Why not make the public domain be the default?

If someone doesn't actually care which license they use, why use a license at all?  Why not just put their code in the public domain?

Back to caching again: code being put in the public domain is relatively rare, so someone encountering code said to be in the public domain will probably have to figure out what ramifications (if any) this has.  The Creative Commons also claims that few jurisdictions have a process for dedicating works to the public domain easily and reliably, so someone encountering your public domain code also needs to figure out if it was dedicated properly.

Again, this argument is only for if you don't care whether you give your code a license or put it in the public domain... if you have some reason that you want to use the public domain, I'm not arguing with you :-)

So, how to choose which widely used license to make the default?

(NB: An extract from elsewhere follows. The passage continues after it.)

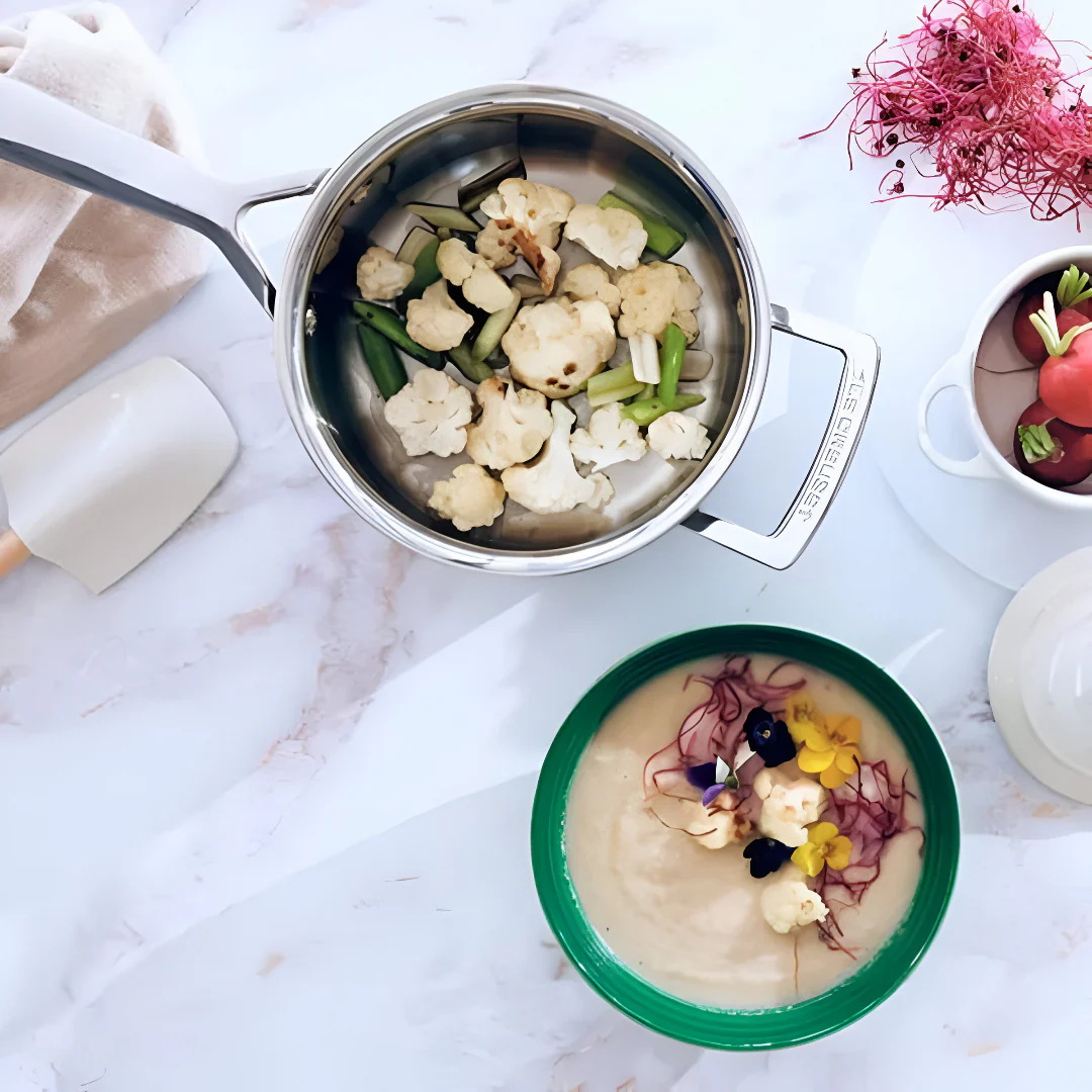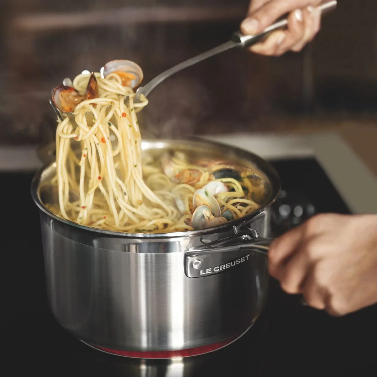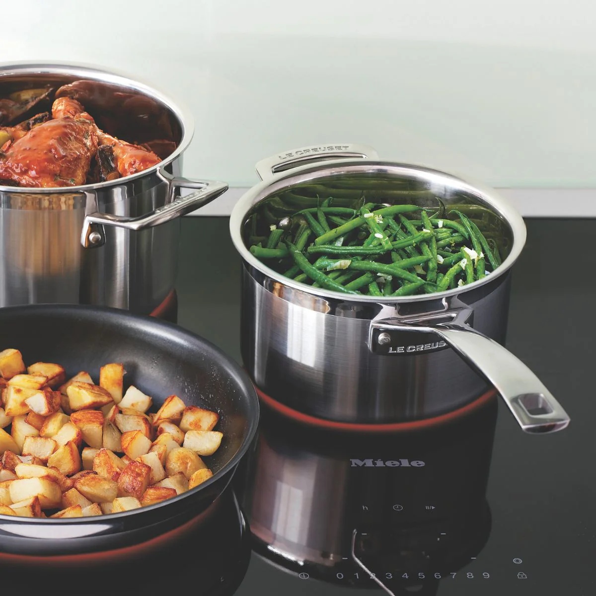 El Cazo Premium con tapa de Le Creuset es un pote ideal para el día a día. Su tecnología multicapa 3-ply combina acero inoxidable y aluminio de gran calidad, resultando un material que distribuye rápida y uniformemente el calor en todo el cazo, consiguiendo excelentes resultados en menos tiempo y con un menor consumo energético. Un cazo profesional, elegante y funcional, pensado para los más cocinillas y las personas que buscan la eficacia en una pieza preciosa.

Given that someone will have to read the license and figure out the ramifications, and again, under the assumption that there isn't an actual reason to prefer one license over another, a shorter license will at least be quicker to read, and will have fewer clauses to have to check for ramifications and compatibility with other licenses.

And, if we're making a arbitrary choice, we might as well choose a simple and arbitrary metric for making that choice. :-)

If shorter is better, why not use an even shorter license?

We're hackers, we like to make stuff, so if a short license is good... why not make it really short like: "do whatever you want with it"?

Well, now we're back to the whole issue of the proliferation of vanity licenses.  I mean, everyone who comes out with a vanity license has some reason why they think their vanity license is better.  And sure, I like short, and I like shorter even better.  But no matter how short it is, someone still has to figure out the ramifications, what it means, and whether it's compatible with other licenses or not.  To take one example, say you leave off the disclaimer of liability.  Now someone has to figure out what, if anything, that means.  Does it mean that you are taking on liability?  Or, are they taking on liability if they pass on your software to someone else?  These may turn out to be not a problem, but the issues have already been figured out for widely used licenses.

And The Winner

I counted the characters of the widely used  licenses to see which one was the shortest.  The winner (by a slim margin over the BSD license): the MIT license.

Thus the MIT license is now my default license that I use when I don't care about which license I use, which is why I released the eval.to source code under the MIT license.

 

Endlessly spinning browser page loading indicator bug fixed on eval.to

Kirubakaran fixed the endlessly spinning browser page loading indicator bug: https://github.com/awwx/evalto/pull/1

It turns out that if we make an XMLHttpRequest while the page loading indicator is currently spinning, making the request causes the indicator to continue to spin for the duration of the request.  However if we initiate the request after the spinner has stopped, the request doesn't start the spinner again.